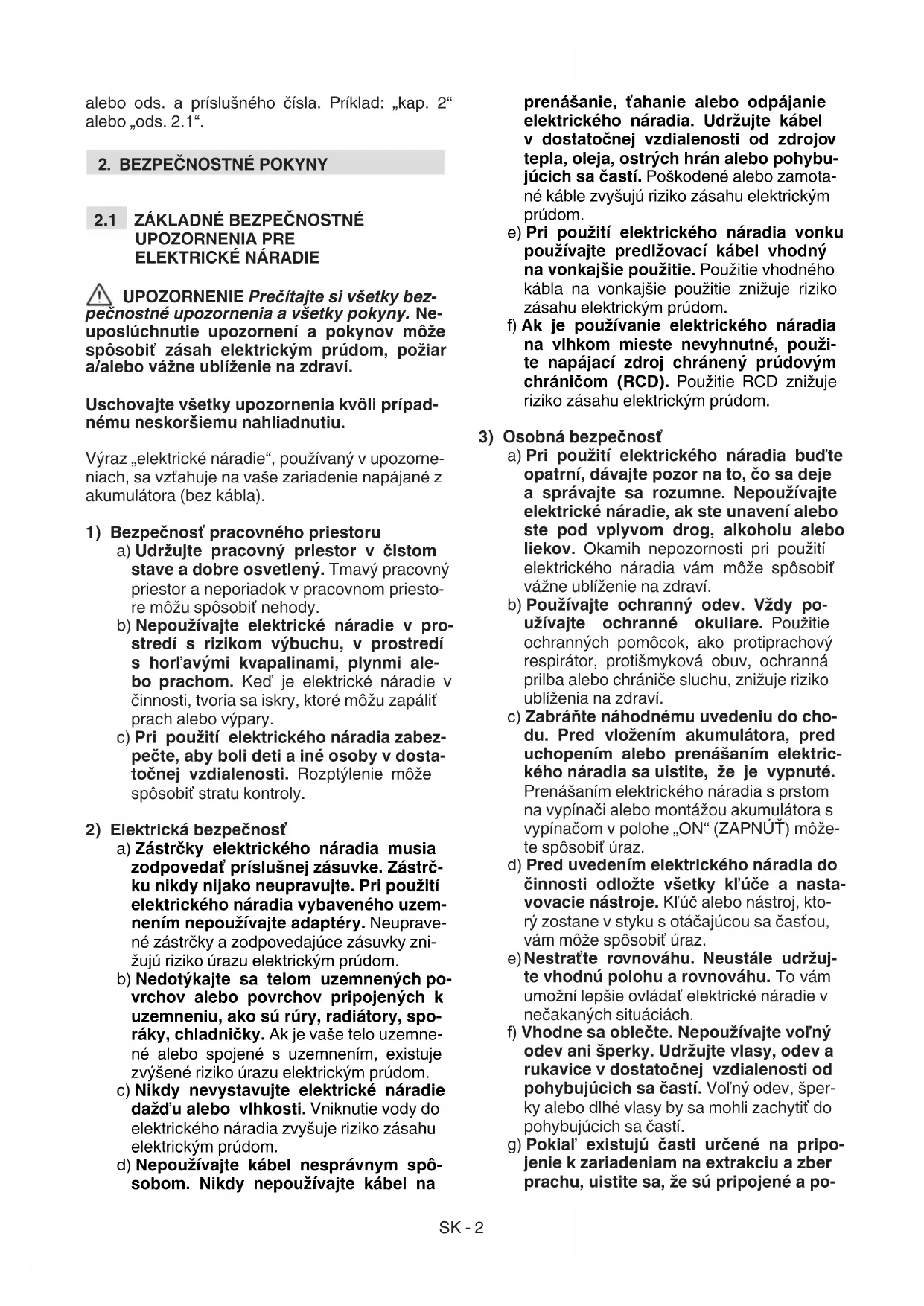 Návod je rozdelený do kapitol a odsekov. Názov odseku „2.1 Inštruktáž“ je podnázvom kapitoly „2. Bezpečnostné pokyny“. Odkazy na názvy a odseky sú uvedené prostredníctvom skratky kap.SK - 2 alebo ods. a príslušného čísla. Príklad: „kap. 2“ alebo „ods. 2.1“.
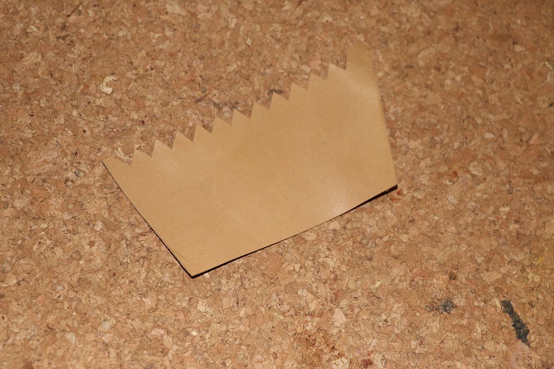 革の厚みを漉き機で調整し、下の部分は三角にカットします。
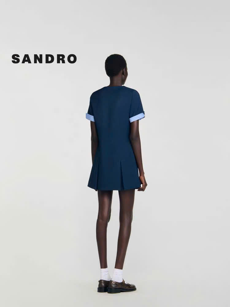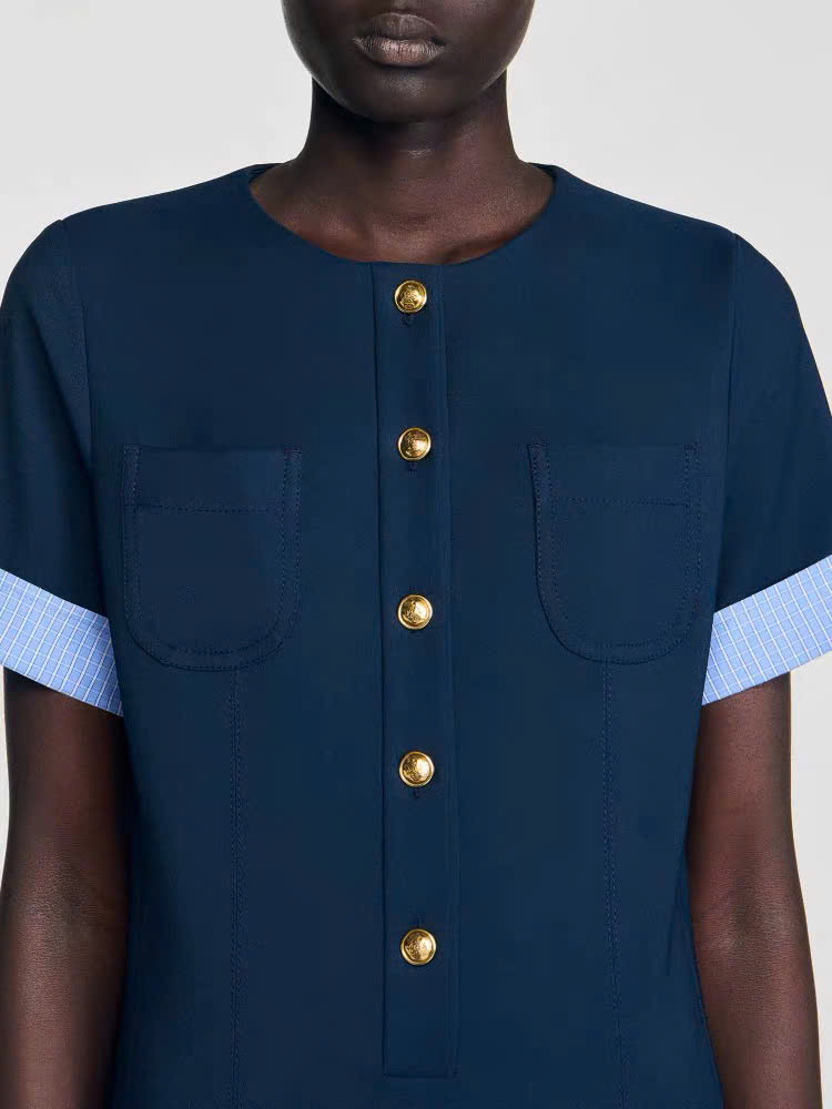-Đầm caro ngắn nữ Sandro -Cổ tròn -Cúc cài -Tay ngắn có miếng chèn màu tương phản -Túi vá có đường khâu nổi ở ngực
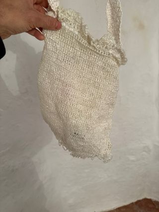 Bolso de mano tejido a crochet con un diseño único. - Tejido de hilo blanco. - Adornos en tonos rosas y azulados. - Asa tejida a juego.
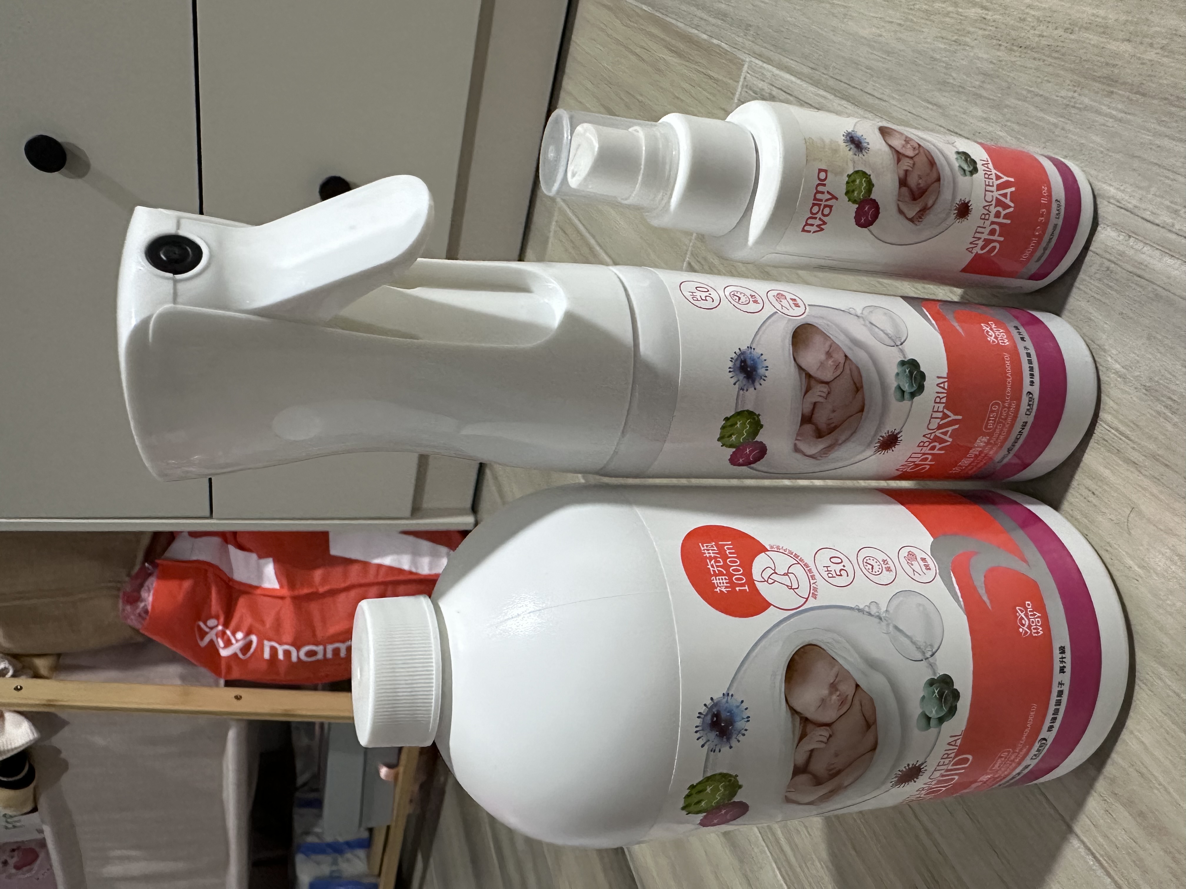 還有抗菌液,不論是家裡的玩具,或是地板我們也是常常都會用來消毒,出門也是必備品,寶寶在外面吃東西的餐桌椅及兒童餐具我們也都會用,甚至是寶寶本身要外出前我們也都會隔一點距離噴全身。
========================================================================
▸ What you need to do: For the entries above, the output must hold exactly the lines from the one with "-Đầm caro ngắn" through the last line, both included, and no pictures.

▸ Exercise output:
-Đầm caro ngắn nữ Sandro -Cổ tròn -Cúc cài -Tay ngắn có miếng chèn màu tương phản -Túi vá có đường khâu nổi ở ngực
 Bolso de mano tejido a crochet con un diseño único. - Tejido de hilo blanco. - Adornos en tonos rosas y azulados. - Asa tejida a juego.
 還有抗菌液,不論是家裡的玩具,或是地板我們也是常常都會用來消毒,出門也是必備品,寶寶在外面吃東西的餐桌椅及兒童餐具我們也都會用,甚至是寶寶本身要外出前我們也都會隔一點距離噴全身。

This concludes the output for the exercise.